[PATCH v4 1/4] lazy tlb: introduce lazy mm refcount helper functions

Tue Jun 8 14:11:04 AEST 2021

Excerpts from Andrew Morton's message of June 8, 2021 11:48 am:
> On Tue, 08 Jun 2021 11:39:56 +1000 Nicholas Piggin <npiggin at gmail.com> wrote:
> 
>> > Looks like a functional change.  What's happening here?
>> 
>> That's kthread_use_mm being clever about the lazy tlb mm. If it happened 
>> that the kthread had inherited a the lazy tlb mm that happens to be the 
>> one we want to use here, then we already have a refcount to it via the 
>> lazy tlb ref.
>> 
>> So then it doesn't have to touch the refcount, but rather just converts
>> it from the lazy tlb ref to the returned reference.
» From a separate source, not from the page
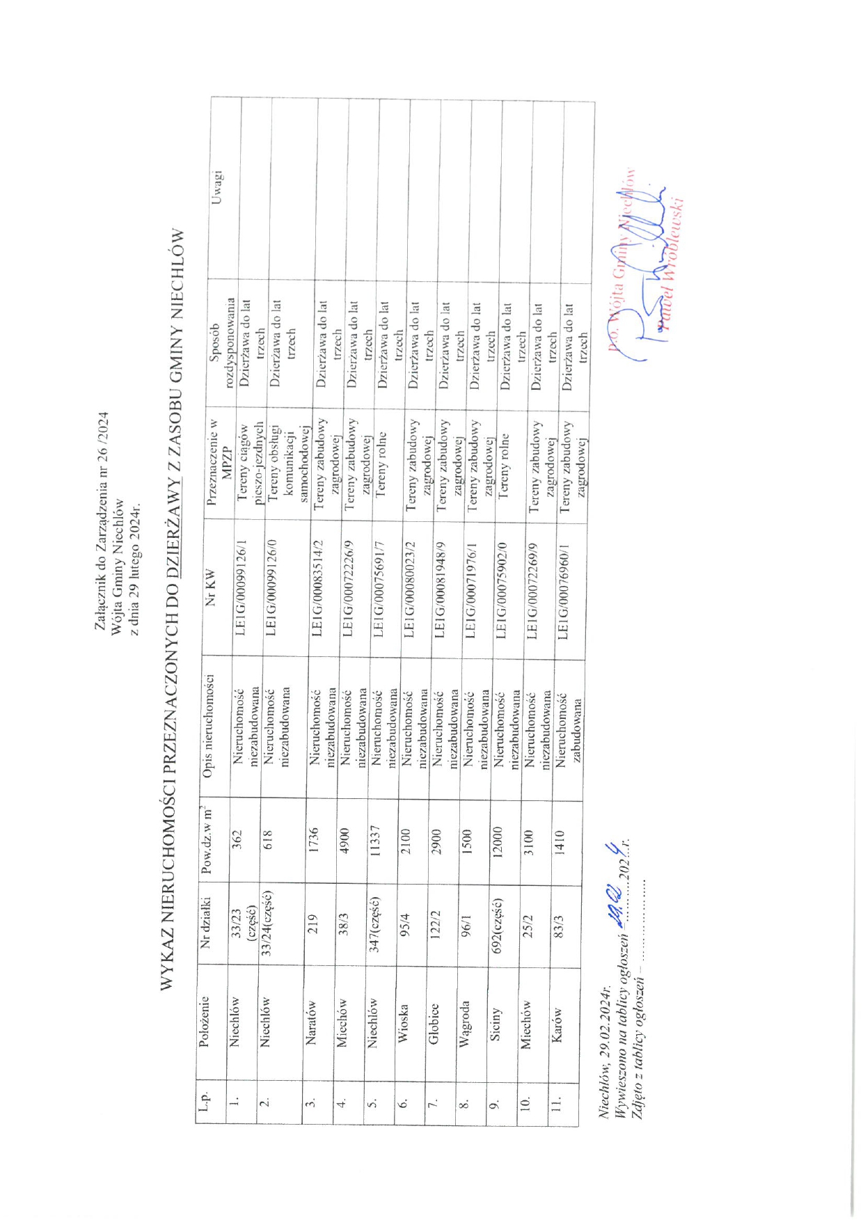 Zarządzenie nr 26/2024 Wójta Gminy Niechlów

If the lazy tlb mm
>> doesn't get a reference, we can't do that.
> 
> Please cover this in the changelog and perhaps a code comment.
> 

Yeah fair enough, I'll even throw in a bug fix as well (your nose was right, 
and it was too clever for me by half...)

Thanks,
Nick

--
Fix a refcounting bug in kthread_use_mm (the mm reference is increased
unconditionally now, but the lazy tlb refcount is still only dropped only
if mm != active_mm).

And an update for the changelog:

If a kernel thread's current lazy tlb mm happens to be the one it wants to
use, then kthread_use_mm() cleverly transfers the mm refcount from the
lazy tlb mm reference to the returned reference. If the lazy tlb mm
reference is no longer identical to a normal reference, this trick does not
work, so that is changed to be explicit about the two references.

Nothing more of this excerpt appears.